• Data excerpt:
*** Begin section ***
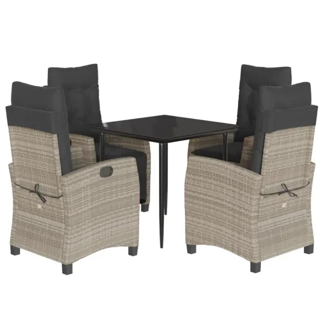 vidaXL Vrtna jedilna garnitura 5-delna z blazinami sv. siv poli ratan
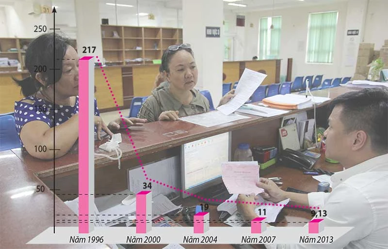 Số người đóng BHXH cho một người hưởng giảm dần theo các năm. (nguồn: Vụ BHXH, Bộ LĐ-TB&XH)
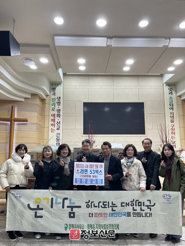 함평읍교회는 함평읍 관내 대표적인 종교시설로, 매년 희망 나눔 캠페인에 참여해 어려운 이웃들을 위한 성금 및 물품 기부를 꾸준히 이어오며 지역사회 나눔 문화 확산에 기여하고 있다.
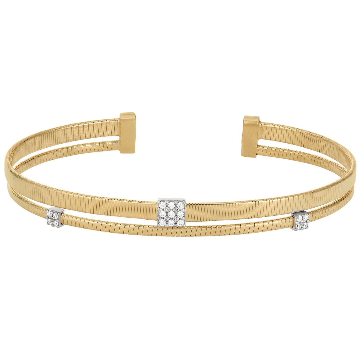 Get ready to dazzle with these two cable bracelets with square simulated diamonds! These bracelets are perfect for adding a touch of sparkle to any outfit without going over budget. The simulated diamonds are expertly cut to catch the light and give off a dazzling shine, making them the perfect gift for anyone who loves to shine like a star. Each bracelet comes with two thin yet sturdy cables that are designed to be comfortable and easy to wear. The adjustable clasp ensures a secure fit that won't slip or slide off your wrist, so you can wear them all day long without worry. These two cable bracelets with square simulated diamonds are a great way to elevate any outfit, from casual daytime wear to sophisticated evening attire. So why settle for boring when you can add some sparkle to your life? Order yours today and get ready to shine like a star.
*** End section ***
Copy out the listing above from the line containing "Số người đóng" to the line containing "함평읍교회는 함평읍 관내", both included, exactly as written and minus the images.

 Số người đóng BHXH cho một người hưởng giảm dần theo các năm. (nguồn: Vụ BHXH, Bộ LĐ-TB&XH)
 함평읍교회는 함평읍 관내 대표적인 종교시설로, 매년 희망 나눔 캠페인에 참여해 어려운 이웃들을 위한 성금 및 물품 기부를 꾸준히 이어오며 지역사회 나눔 문화 확산에 기여하고 있다.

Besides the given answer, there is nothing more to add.